▶ **WHAT TO PRODUCE**
Pictures aside, repeat the listing below exactly.

▶ **THE DATA**
···

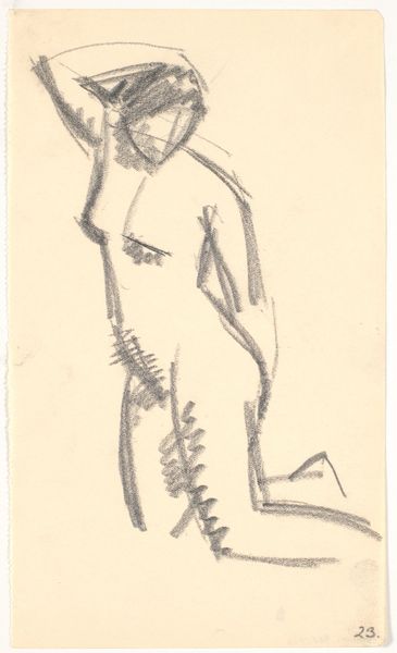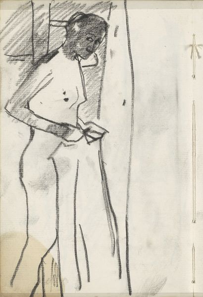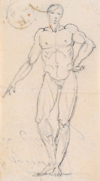 Charles Rochussen made this pencil drawing of a standing man with a lute. Rochussen was working in the Netherlands during a period of significant social change and artistic development; he was known for his illustrations of everyday life, often with a humorous or satirical edge. The man in this drawing is seen from behind, wearing what appears to be a theatrical costume, complete with a feathered hat, the lute hanging from his left hand. The figure's casual pose, with one hand on his hip, suggests a moment of rest or contemplation. Consider how the figure represents a moment of performance, of assumed identity. Rochussen’s work captures a sense of the performative nature of identity, which reflects the growing diversity and self-awareness within Dutch society. This drawing might seem like a simple sketch, but it invites us to think about how we construct our identities, and how artists like Rochussen observed and portrayed these shifts in their rapidly changing world.
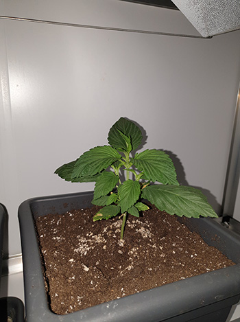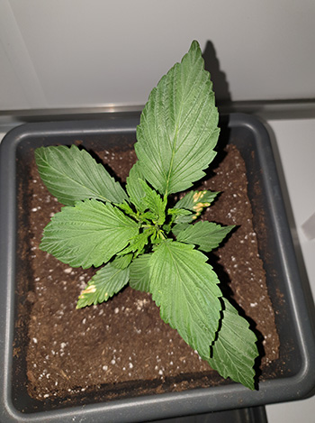 Frisian Duck nummer twee heeft de verhuizing het beste doorstaan. Met slechts een klein geel plekje op het blad heeft deze dame eigenlijk niets te klagen. Ze lijkt iets verder in de ontwikkeling dan de eerste Frisian Duck, en heeft al drie Duckfoot-bladeren. Ook deze heeft een hoogte van ongeveer 16 centimeter.
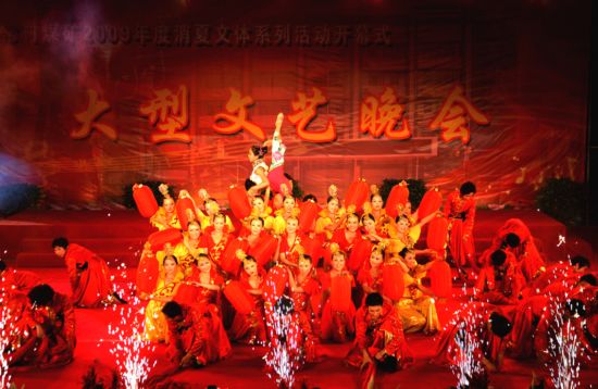 本网讯 为丰富职工群众的业余生活, 6月17日晚,山西潞安集团常村煤矿,在该矿灯光球场隆重进行了一年一度的“常村煤矿2009年消夏文体系列活动开幕式”,这项活动已连续举办了第15个年头,很受职工群众的欢迎。此项活动的开展,极大地提高了全矿职工家属喜欢体育运动、参与文艺活动的积极性,对建立和谐文明矿区、增强职工凝聚力起着重要的作用。削夏活动历时3个月,涉及文体项目100多项,大都是职工家属喜闻乐见、趣味性强,对身心健康的项目,活动将于9月中旬结束。
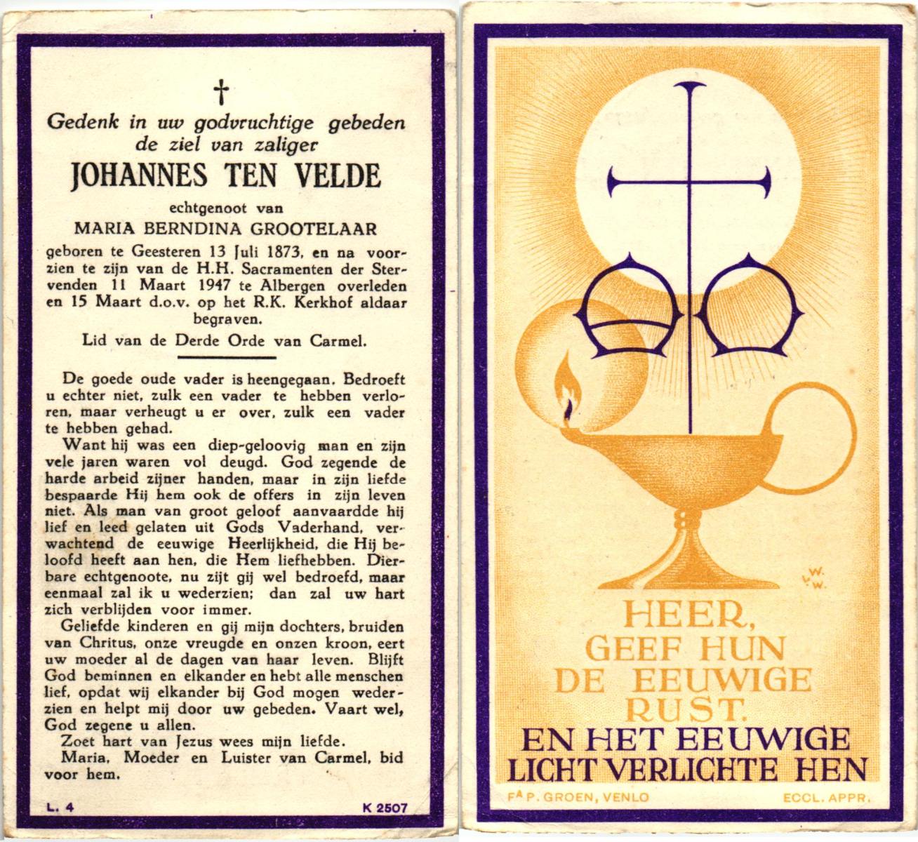 VELDE, ten, Johannes, geboren op 13-07-1873 te Geesteren, overleden op 11-3-1947 te Albergen op 73-jarige leeftijd, begraven op 15-3-1947 te Albergen.
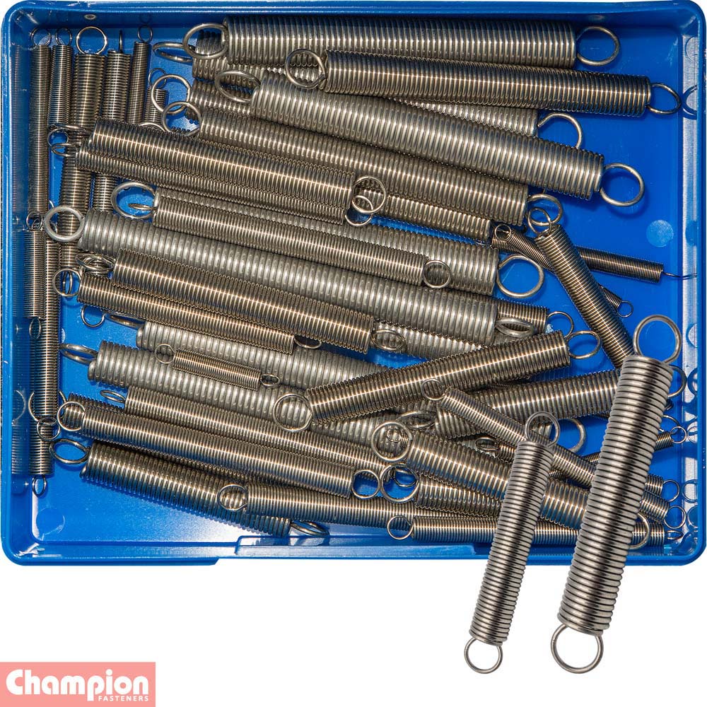 CA1801 | Champion 48pc Extension Spring Assortment S/Steel Description Metric Stainless Steel GR 316/A4 12 Sizes: 25mm to 120mm Length 5mm to 14mm Dia. 48 Pieces Part No. Description QTY C1801-25 120 x 12 x 1.8mm-316/A4 4 C1801-26 100 x 14 x 1.6mm-316/A4 4 C1801-27 95 x 12 x 1.4mm-316/A4 4 C1801-28 62 x 12 x 1.4mm-316/A4 4 C1801-29 75 x 11 x 1.2mm-316/A4 4 C1801-30 62 x 9 x 0.9mm-316/A4 4 C1801-31 78 x 9 x 0.9mm-316/A4 4 C1801-32 72 x 7 x 0.8mm-316/A4 4 C1801-33 50 x 7 x 0.8mm-316/A4 4 C1801-34 50 x 6 x 0.5mm-316/A4 4 C1801-35 25 x 6 x 0.6mm-316/A4 4 C1801-36 38 x 5 x 0.5mm-316/A4 4
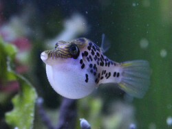 Übrigens findet mein Kugelfisch die Jagd auf Futtergarnelen sehr interessant.
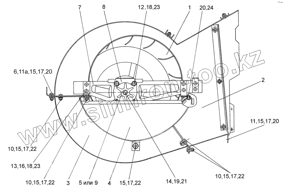 Каталог запасных частей к технике: Гомсельмаш КЗС-812С. Вентилятор КЗК 0217000Б-01 (вид слева)
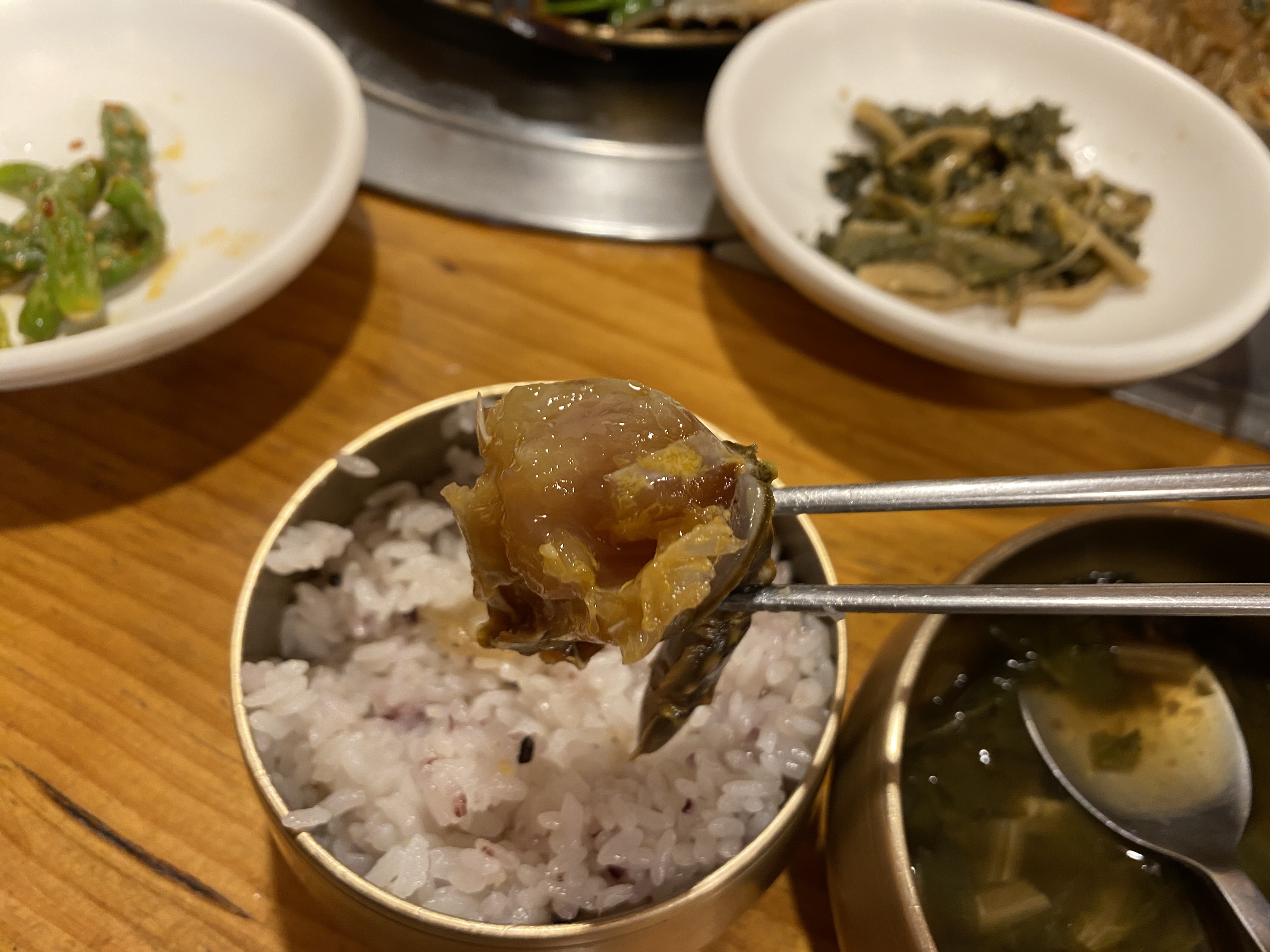 게장이 짜지는 않았지만 양이 많아서 추가로 밥을 주문해서 비벼 먹었습니다. 고소하고 맛있습니다.
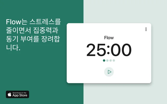 플로우(Flow)는 여러분이 업무 진행 또는 학교 공부를 하거나 그저 일정 시간 동안 방해받지 않고 집중하는 것을 도와 줄 작지만 강력한 어플입니다. 플로우(Flow)는 정해진 휴식 시간과 함께 여러분의 작업 흐름을 여러 부분으로 나눔으로써 여러분이 쉽게 집중을 유지할 수 있도록 합니다. 이 방식이 스트레스를 완화함과 동시에 여러분의 집중력과 동기를 증가시키는 데에 효과가 있음이 과학적으로 증명되었습니다. 뽀모도로(Pomodoro) 타이머를 사용하는 것은 여러분의 생산성을 크게 증가시킬 수 있습니다.
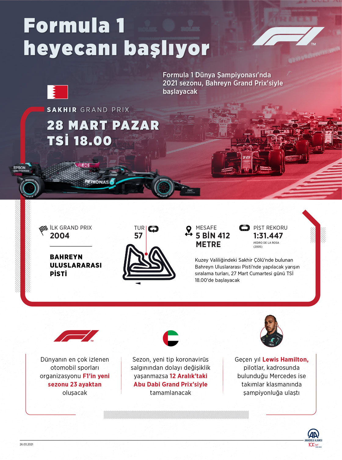 Formula 1 Dünya Şampiyonası'nda 2021 sezonu, Bahreyn Grand Prix'siyle başlayacak. ( Kemal Delikmen - Anadolu Ajansı )
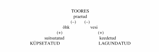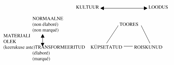 Pealegi, kui me vaatame fakte, siis kategooriad, mida käsitletakse toidu liikide tähenduses, on iseenesest huvitavad. Ükskõik millise inimasustuse toitumus on sõltuv vahendite kättesaadavusest ja toiduainete (leib, lambaliha, juust jne) tasandil on väga vähe vahet inglise koduperenaise ostukorvi ja amazoonase indiaanlasele kättesaadavate toiduainete vahel. Aga Inglise koduperenaine ja amazoonase indiaanlane jagavad ühte moodi kategooria 'toit' ühikud hulgaks alakategooriateks, 'toit A', 'toit B', 'toit C' jne, millest igat üht käsitletakse erineval viisil. Sellel tasandil aga kategooriad A, B, C jne on märkimisväärselt sarnased igal pool. Nad on tegelikult sama liiki kategooriad, mis esinevad joonisel 4 ja oluline selliste kategooriate juures on see, et nad esinevad sotsiaalse prestii~i väga erinevatel tasanditel. Ma ei mtle ainult seda, et pidusöögi komponendid vib alati mahutada meie kolmnurga aukudesse: austrid (toores), suitsulhe (suitsutatud), vähisupp (keedetud), lambaribi (tulel küpsetatud), suflee (küpsetatud), Stiltoni juust (lagundatud) - pigem, et neist erinevatest põhilistest klassidest toidud toovad omavahel esile standardiseeritud suhte. Näiteks, meie konventsioonide järgi, kui menüü sisaldab küpsetatud liha, saab ta austava koha keskel; hautatud ja keedetud toite teisest küljest peetakse sobivaks eriti invaliididele ja lastele. Miks peab see olema nii? Miks me kipume mõtlema keedetud kanast kui argisest toidust, aga praetud kanast kui piduroast?
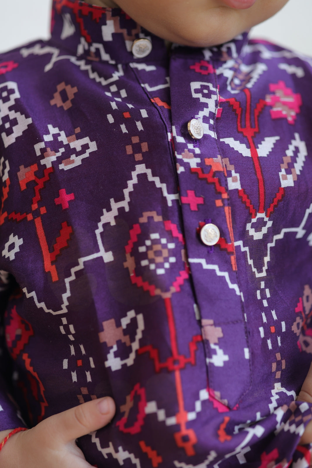 Crafted in a rich purple hue, the kurta features a sleek mandarin collar and silver-golden metal buttons down the front, paired with crisp white cotton pants for a clean festive look.
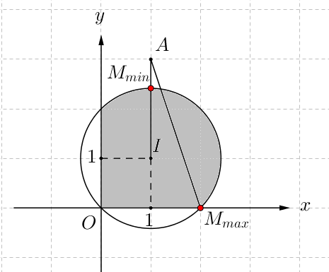 Cho \(x \ge 0,y \ge 0,x + y > 0\) thỏa mãn \({2^{{x^2} + {y^2}}} + {2023^{x - y}}.{\log _2}\dfrac{{{x^2} + {y^2}}}{{x + y}} \le {4^{x + y}} + {2023^{x - y}}\). Tìm tổng giá trị lớn nhất và giá trị nhỏ nhất của biểu thức \(P = {x^2} + {y^2} - 6x - 2y + 5\).

···

▶ **RESPONSE AREA**
 Charles Rochussen made this pencil drawing of a standing man with a lute. Rochussen was working in the Netherlands during a period of significant social change and artistic development; he was known for his illustrations of everyday life, often with a humorous or satirical edge. The man in this drawing is seen from behind, wearing what appears to be a theatrical costume, complete with a feathered hat, the lute hanging from his left hand. The figure's casual pose, with one hand on his hip, suggests a moment of rest or contemplation. Consider how the figure represents a moment of performance, of assumed identity. Rochussen’s work captures a sense of the performative nature of identity, which reflects the growing diversity and self-awareness within Dutch society. This drawing might seem like a simple sketch, but it invites us to think about how we construct our identities, and how artists like Rochussen observed and portrayed these shifts in their rapidly changing world.
 Frisian Duck nummer twee heeft de verhuizing het beste doorstaan. Met slechts een klein geel plekje op het blad heeft deze dame eigenlijk niets te klagen. Ze lijkt iets verder in de ontwikkeling dan de eerste Frisian Duck, en heeft al drie Duckfoot-bladeren. Ook deze heeft een hoogte van ongeveer 16 centimeter.
 本网讯 为丰富职工群众的业余生活, 6月17日晚,山西潞安集团常村煤矿,在该矿灯光球场隆重进行了一年一度的“常村煤矿2009年消夏文体系列活动开幕式”,这项活动已连续举办了第15个年头,很受职工群众的欢迎。此项活动的开展,极大地提高了全矿职工家属喜欢体育运动、参与文艺活动的积极性,对建立和谐文明矿区、增强职工凝聚力起着重要的作用。削夏活动历时3个月,涉及文体项目100多项,大都是职工家属喜闻乐见、趣味性强,对身心健康的项目,活动将于9月中旬结束。
 VELDE, ten, Johannes, geboren op 13-07-1873 te Geesteren, overleden op 11-3-1947 te Albergen op 73-jarige leeftijd, begraven op 15-3-1947 te Albergen.
 CA1801 | Champion 48pc Extension Spring Assortment S/Steel Description Metric Stainless Steel GR 316/A4 12 Sizes: 25mm to 120mm Length 5mm to 14mm Dia. 48 Pieces Part No. Description QTY C1801-25 120 x 12 x 1.8mm-316/A4 4 C1801-26 100 x 14 x 1.6mm-316/A4 4 C1801-27 95 x 12 x 1.4mm-316/A4 4 C1801-28 62 x 12 x 1.4mm-316/A4 4 C1801-29 75 x 11 x 1.2mm-316/A4 4 C1801-30 62 x 9 x 0.9mm-316/A4 4 C1801-31 78 x 9 x 0.9mm-316/A4 4 C1801-32 72 x 7 x 0.8mm-316/A4 4 C1801-33 50 x 7 x 0.8mm-316/A4 4 C1801-34 50 x 6 x 0.5mm-316/A4 4 C1801-35 25 x 6 x 0.6mm-316/A4 4 C1801-36 38 x 5 x 0.5mm-316/A4 4
 Übrigens findet mein Kugelfisch die Jagd auf Futtergarnelen sehr interessant.
 Каталог запасных частей к технике: Гомсельмаш КЗС-812С. Вентилятор КЗК 0217000Б-01 (вид слева)
 게장이 짜지는 않았지만 양이 많아서 추가로 밥을 주문해서 비벼 먹었습니다. 고소하고 맛있습니다.
 플로우(Flow)는 여러분이 업무 진행 또는 학교 공부를 하거나 그저 일정 시간 동안 방해받지 않고 집중하는 것을 도와 줄 작지만 강력한 어플입니다. 플로우(Flow)는 정해진 휴식 시간과 함께 여러분의 작업 흐름을 여러 부분으로 나눔으로써 여러분이 쉽게 집중을 유지할 수 있도록 합니다. 이 방식이 스트레스를 완화함과 동시에 여러분의 집중력과 동기를 증가시키는 데에 효과가 있음이 과학적으로 증명되었습니다. 뽀모도로(Pomodoro) 타이머를 사용하는 것은 여러분의 생산성을 크게 증가시킬 수 있습니다.
 Formula 1 Dünya Şampiyonası'nda 2021 sezonu, Bahreyn Grand Prix'siyle başlayacak. ( Kemal Delikmen - Anadolu Ajansı )
 Pealegi, kui me vaatame fakte, siis kategooriad, mida käsitletakse toidu liikide tähenduses, on iseenesest huvitavad. Ükskõik millise inimasustuse toitumus on sõltuv vahendite kättesaadavusest ja toiduainete (leib, lambaliha, juust jne) tasandil on väga vähe vahet inglise koduperenaise ostukorvi ja amazoonase indiaanlasele kättesaadavate toiduainete vahel. Aga Inglise koduperenaine ja amazoonase indiaanlane jagavad ühte moodi kategooria 'toit' ühikud hulgaks alakategooriateks, 'toit A', 'toit B', 'toit C' jne, millest igat üht käsitletakse erineval viisil. Sellel tasandil aga kategooriad A, B, C jne on märkimisväärselt sarnased igal pool. Nad on tegelikult sama liiki kategooriad, mis esinevad joonisel 4 ja oluline selliste kategooriate juures on see, et nad esinevad sotsiaalse prestii~i väga erinevatel tasanditel. Ma ei mtle ainult seda, et pidusöögi komponendid vib alati mahutada meie kolmnurga aukudesse: austrid (toores), suitsulhe (suitsutatud), vähisupp (keedetud), lambaribi (tulel küpsetatud), suflee (küpsetatud), Stiltoni juust (lagundatud) - pigem, et neist erinevatest põhilistest klassidest toidud toovad omavahel esile standardiseeritud suhte. Näiteks, meie konventsioonide järgi, kui menüü sisaldab küpsetatud liha, saab ta austava koha keskel; hautatud ja keedetud toite teisest küljest peetakse sobivaks eriti invaliididele ja lastele. Miks peab see olema nii? Miks me kipume mõtlema keedetud kanast kui argisest toidust, aga praetud kanast kui piduroast?
 Crafted in a rich purple hue, the kurta features a sleek mandarin collar and silver-golden metal buttons down the front, paired with crisp white cotton pants for a clean festive look.
 Cho \(x \ge 0,y \ge 0,x + y > 0\) thỏa mãn \({2^{{x^2} + {y^2}}} + {2023^{x - y}}.{\log _2}\dfrac{{{x^2} + {y^2}}}{{x + y}} \le {4^{x + y}} + {2023^{x - y}}\). Tìm tổng giá trị lớn nhất và giá trị nhỏ nhất của biểu thức \(P = {x^2} + {y^2} - 6x - 2y + 5\).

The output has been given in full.